Immigration

Immigration Reform May Make Your Job Search Much Tougher


A new immigration bill may mean recent graduates will face stiffer competition for jobs.

Photograph by Niko Guido/Getty Images

A new immigration bill may mean recent graduates will face stiffer competition for jobs.

If you’re a recent college graduate, a doctoral candidate, or a highly-skilled professional who has been in the job market the past few years, you know it’s rough out there. But if the immigration overhaul proposed in the Senate this morning becomes law, it’s likely to get a lot rougher.

The key provision on this starts around page 299 of the 844-page bill and continues for another 300 pages or so. (Easy to find, I know.) Here’s the takeaway: Under the bill, the number of visas that can be distributed to high-skilled foreigners will increase dramatically. If it passes, there will be four to five times as many high-skilled visas as are available now, says Demetrios G. Papademetriou, president of the nonpartisan think tank, the Migration Policy Institute.

The current system for distributing these visas is the highly inefficient H1-B lottery, the annual first-come, first-served lottery of 65,000 slots for high-skilled visas that Silicon Valley companies scramble for each April. (Another 20,000 are set aside for graduate students.) The visas are temporary but coveted because they allow visa holders to apply for a green card.

Companies have long argued that the H1-B caps don’t allow them to recruit as many qualified workers as they need, which was evident in the 2013 lottery, when the caps were reached in just five days. Sixty percent of those who applied, or 39,000 people, didn’t get a slot, says Neil Ruiz, an immigration expert at the Brookings Institution in Washington. The bill’s sponsors also argue that the reforms will entice talented college graduates to remain and work in America, to the nation’s benefit.

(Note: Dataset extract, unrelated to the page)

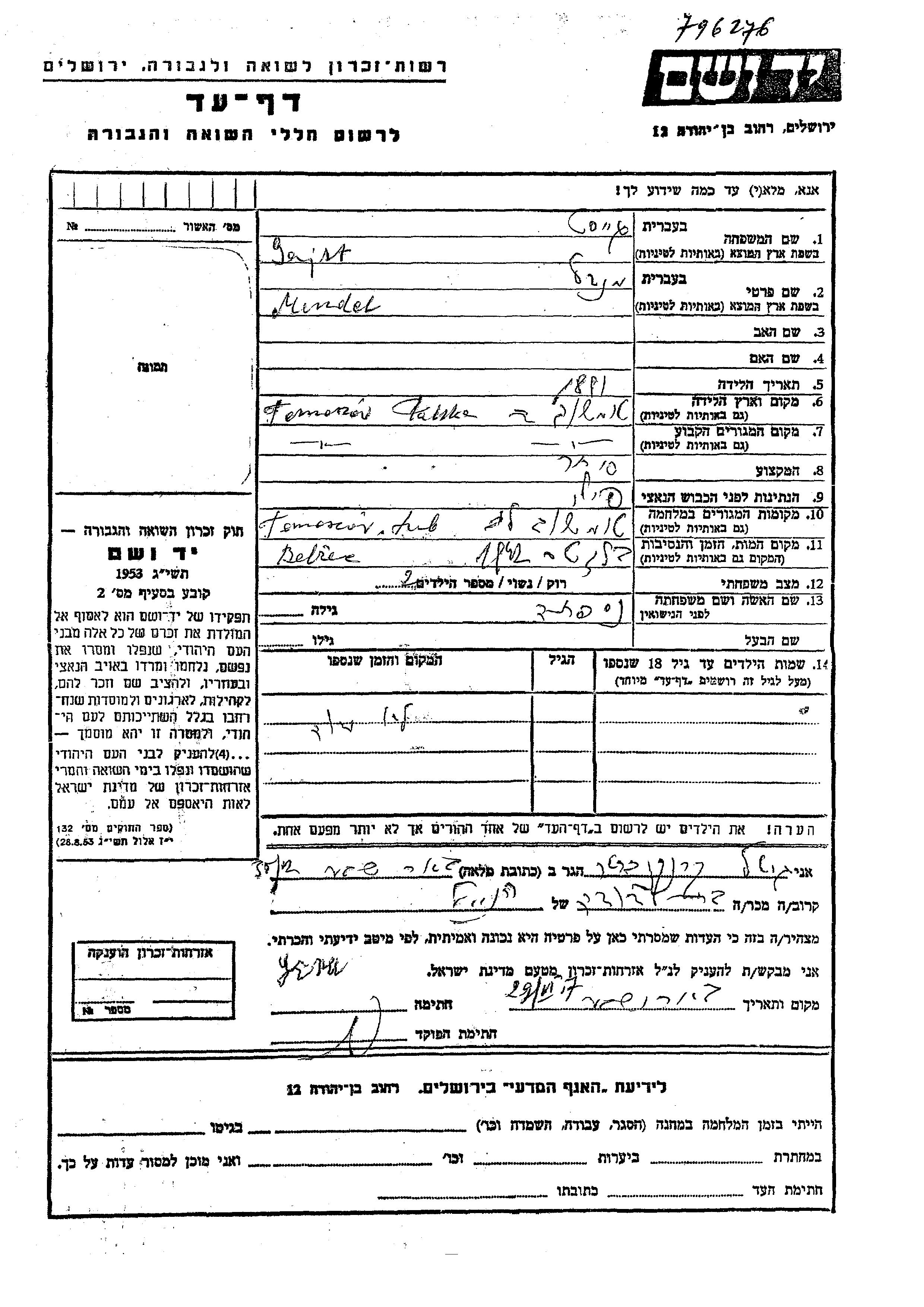 Mendel wurde in der Schoah ermordet. Todesort: Belzec, Polen im Jahr 1942.

That cap is now being lifted to 110,000, which means it will almost match the current demand. But the number of high-skilled foreigners the U.S. lets in will actually be much greater than 110,000 and will not be limited to scientists and engineers. The Senate’s bill also lifts the caps entirely on another category of high-skilled immigrants, known as “aliens of extraordinary ability.” (Yes, that’s really the term.) If an immigrant has an MD, a PhD in math, science, or engineering, or can prove to the government that she has extraordinary abilities—a successful dancer or editor of a niche magazine, for example—then one can bypass the entire H1-B system. An employer can sponsor the immigrant immediately for a green card.

Under the bill, even undergrads can get green cards directly out of college without having to apply for the H1-B. Ruiz estimates that about 343,000 foreign students currently studying in the U.S. will be eligible to apply for this fast track to citizenship. That’s a huge number, and it includes people who currently don’t even try to apply for an H1-B. Right now, many foreign students in the U.S. decide to go back to their own countries after graduating because the visa restrictions make it hard to land a job. If a British political science major graduating from a U.S. liberal arts college, for example, wants to work at a nonprofit organization in New York City, she’s unlikely to apply for an H1-B because she has almost no chance of getting one. Other types of visas are even harder to obtain.

If the bill passes, there will be plenty more slots to go around. The bar to prove that one qualifies for those slots will also become more stringent. Even so, the number of available visas is expected to skyrocket. That will send ripples through the entire job market.

Which is great, if you’re a U.S. business seeking to recruit the best talent. It’s also great if you’re a university, because now you’ll have an easier time getting top graduates to stay on as researchers. But if you’re headed into the job market in the next couple years, the changes are rather frightening. No matter how you slice it, you’re likely to face more competition.